Summer was etched out in white and blue, cold colours marking a trail up and down the UK, flinging out from Manchester and back again, elasticated, joyous, stretching to dip feet in oceans to the north and south.

First to Scotland, and the lakes held together by a mesh of Monros and ribboning rivers. Early swimming in icy Loch Lomond, the kind of cold that turns your limbs to treacle and makes your ears  ring-sing with misplaced ideas of invincibility. Time to get out. We went up mountains, and down, then moved, midge-bitten, further north. Washed through Glen Coe, left at Fort William and onto Arisaig and the small isles.

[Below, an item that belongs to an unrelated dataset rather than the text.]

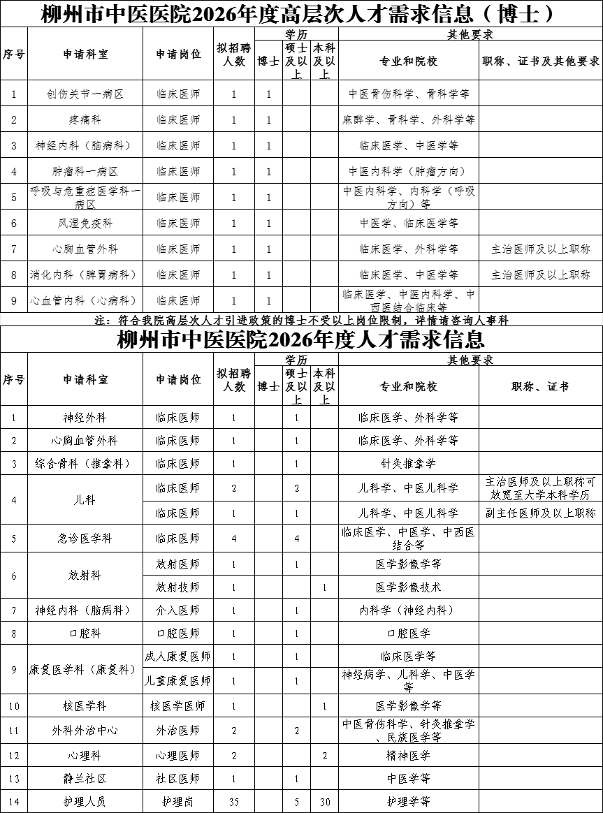 高層次人才不受招聘崗位限制,均可一事一議、一人一議。高層次人才(博士)根據(jù)醫(yī)院引進(jìn)人才制度,給予25萬(wàn)-120萬(wàn)元安家費(fèi)、5萬(wàn)-20萬(wàn)元科研啟動(dòng)經(jīng)費(fèi)。引進(jìn)的高層次人才(高級(jí)職稱或博士研究生)按柳州市有關(guān)政策提供事業(yè)編制,協(xié)助其解決子女入學(xué)和配偶工作。2026年醫(yī)學(xué)類緊缺人才擬招聘醫(yī)師7人,緊缺人才科室為心理科(精神衛(wèi)生專業(yè))、神經(jīng)外科、急診醫(yī)學(xué)科,擬享受柳州市中醫(yī)醫(yī)院人才引進(jìn)醫(yī)學(xué)類緊缺人才安家費(fèi)2-20萬(wàn)元,同時(shí)按照國(guó)家、廣西壯族自治區(qū)、柳州市及醫(yī)院有關(guān)政策享受工資及福利待遇,獎(jiǎng)勵(lì)性績(jī)效工資按照醫(yī)院同級(jí)同類人員規(guī)定執(zhí)行。如為學(xué)科帶頭人或高層次人才則另按其標(biāo)準(zhǔn)享受相關(guān)待遇。

We jumped the Shearwater to Eigg, past the real thing, swift-sure and acrobatic. Past terns, gannets, seals and a magnificent minke. I still get lost in Manchester, there’s nowhere to hold on to, to orientate yourself from. Shadows are no use when brick walls are sky high. But on Eigg the clarity of compass points is an anchor, and you can pirouette on a point and still find your way home. We scrambled An Sgurr, slept above singing sands and saw so much colour. Glorious, saturated technicolor that was lost on the way home, our vision (as well as the windscreen) layered with a thin film of dust that muddies tones and minutely takes the edge off outlines.

Later, to Devon and Dorset for family and festivals. Mackerel-fishing, lido-swimming, cliff-exploring, crazy-golfing and crab-shacking – then wonderful friends and dodgy dancing in the rain at End of the Road.

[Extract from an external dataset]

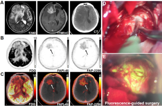 圖5. 男,44歲,膠質(zhì)母細(xì)胞瘤術(shù)后1年,MRI提示右側(cè)額葉術(shù)區(qū)異常信號(hào),考慮腫瘤復(fù)發(fā)可能。該患者行18F-FDG PET/CT檢查,但右額葉術(shù)區(qū)未見異常高代謝病灶。隨后行68Ga-FAPI-46及68Ga-FAP-2286 PET/CT顯像,在右額葉術(shù)區(qū)均可見異常顯像劑濃聚灶,與MRI提示異常信號(hào)范圍一致。此外,68Ga-FAP-2286 PET/CT顯示出較68Ga-FAPI-46更高的腫瘤攝?。?/span>SUVmax 4.2 vs. 2.7)及靶/本底比(TBR 70 vs. 45)。該患者隨后行手術(shù)切除,病理證實(shí)為膠質(zhì)母細(xì)胞瘤復(fù)發(fā)。

I know we’re used to wet summers, but this one seemed damper than most. Even now in deep midwinter, when we’re due some ice-bright days, we get nothing but soft rain hissing gently on saturated ground. I read on the quietly lovely Plot 29 blog a while ago a description of winter creeping “up from the soil, calling the stuttering life back underground.” At the moment it’s like the rain is trying to do the same thing, from above and below, calling us off dry land to somewhere wetter.

First weekend of the football season. In a strange way I’ve missed it, the structure and the regularity. Still, there comes a saturation point, and with it a brilliant excuse to retreat to the kitchen and try out a million recipes from books received through work, things gleaned from random programs on the Good Food channel, food flavours and combinations that I’ve been meaning to try for ages, happy in the knowledge that there are plenty of hungry and willing half-time taste-testers.

Yesterday there was spinach and nutmeg soup from the guys at Cheshire Cooks, then briks from Alice Hart’s Friends at my Table (left! With homemade tortilla chips, salsa and guacamole). These were like boreks (which we’re addicted to, thanks to the Africa Oye Festival), wafer-thin crispy filo encasing cumin-spiced lamb and gooey spinach and feta, both mulched with slow-cooked, soft onion and potatoes, then baked. Also from her we tried anchovies wrapped in sage leaves, dipped in egg and flour and lightly fried. Salty, aromatic and intensely morish.

I’ve been really impressed with FAMT. Despite the cover, it steers away from twee and instead gives robust ideas and strong flavours for cooking for larger groups on different kinds of (special) occasions. I know it’s come in for criticism from some for the layout and lifestyle angle, but that’s the direction a lot of cookbooks are heading in – they”re about a chef, or a season, or a story as much as they are about the food. They’re changing, and I quite like that. Online recipe sites and food blogs are great tools and they, together with the fact that most recipes have now been printed in various guises multiple times, mean that printed cook books are having to find a new niche, raising their game in the process. 

Anyway, I digress. Today we broke out the Bury black pudding, small crispy discs served with boiled eggs, toast and a sort-of salad of grates apple and carrot with chopped parsley and rosemary, a good blob of creme fraiche and buttery toast. Tasty tasty.

A thing I did a wee while ago for Caught by the River’s Nature Book Reader is up now. The Reader is a brilliant little collection of literary recommendations – a reading list, a library shelf of books, an “Amazon Wishlist” as the intro says, about the natural world.

The Man Who Planted Trees by Jean Giono (1953)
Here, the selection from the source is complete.